Four volunteers meet in a dilapidated call centre one night a week to run an emotional support helpline. Their job is to provide reassurance, although they’re barely holding it together themselves. On top of the world falling apart, Frances (Jenni Maitland) is heavily pregnant at a time when pregnancy is considered misguided or radically optimistic. Jon (Andy Rush) is going through a rough patch in his marriage. Angie (Lydia Larson) makes the best of her difficult upbringing. Joey (Andrew Finnigan), seventeen years old, is facing what feels like a pointless question of applying for university.
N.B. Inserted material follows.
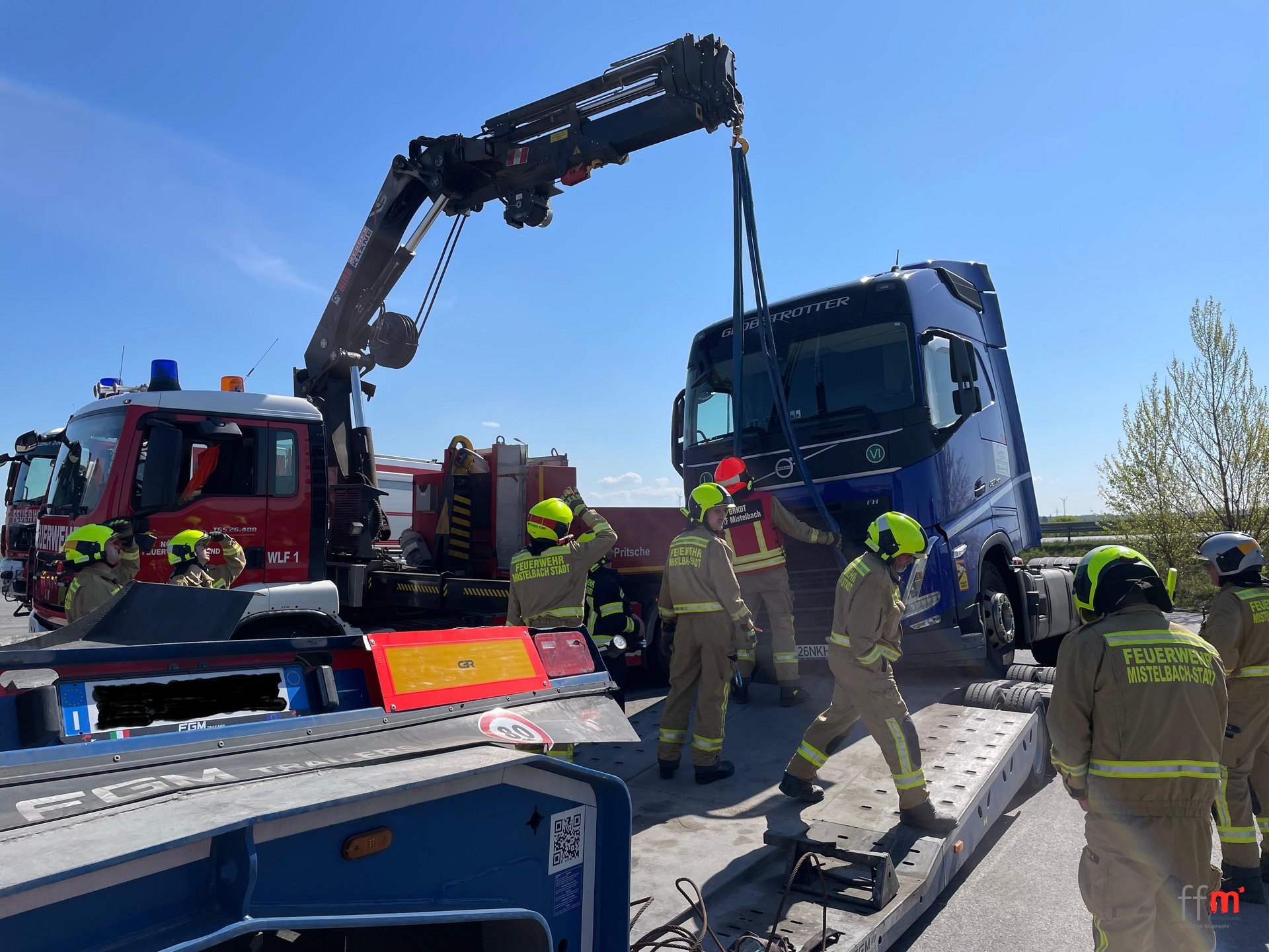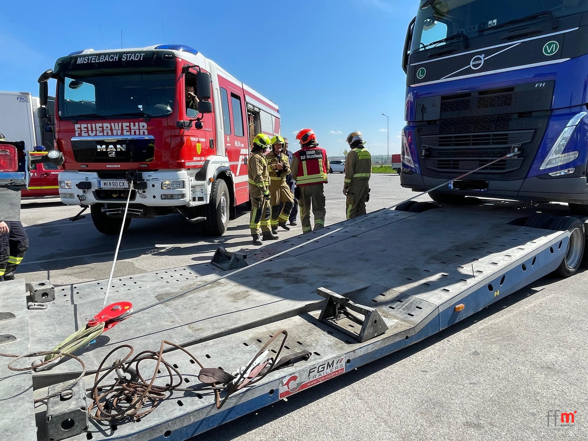 Am Vormittag werden wir zu einer LKW Bergung am Parkplatz der Genol Tankstelle gerufen.

It may sound bleak, but Steiner handles the dark subject matter with a refreshingly light touch. While the apocalypse rages outside, the Brightline volunteers do their best to simply get on with the day. They hang up their gas masks when they arrive, attempt to make coffee without a working kettle, deal with perverts on the phones, and reluctantly participate in Frances’ positivity exercises.

The play is a series of small moments. Steiner gives us little window-like scenes through which we see the characters try to make connections with the people on the phones and each other, conversations hinting at personal lives and troubles beyond the office walls. There’s a lot to like in the gentleness of Steiner’s script, but it’s a slow burn that’s really too slow. Without much in the way of story, the two-hour runtime feels very long. Steiner’s scenes may be delicate and perceptive, but they lack momentum. And while the characters are strong, and well-performed by a talented cast, the show needs the backbone of a plot to help support its length.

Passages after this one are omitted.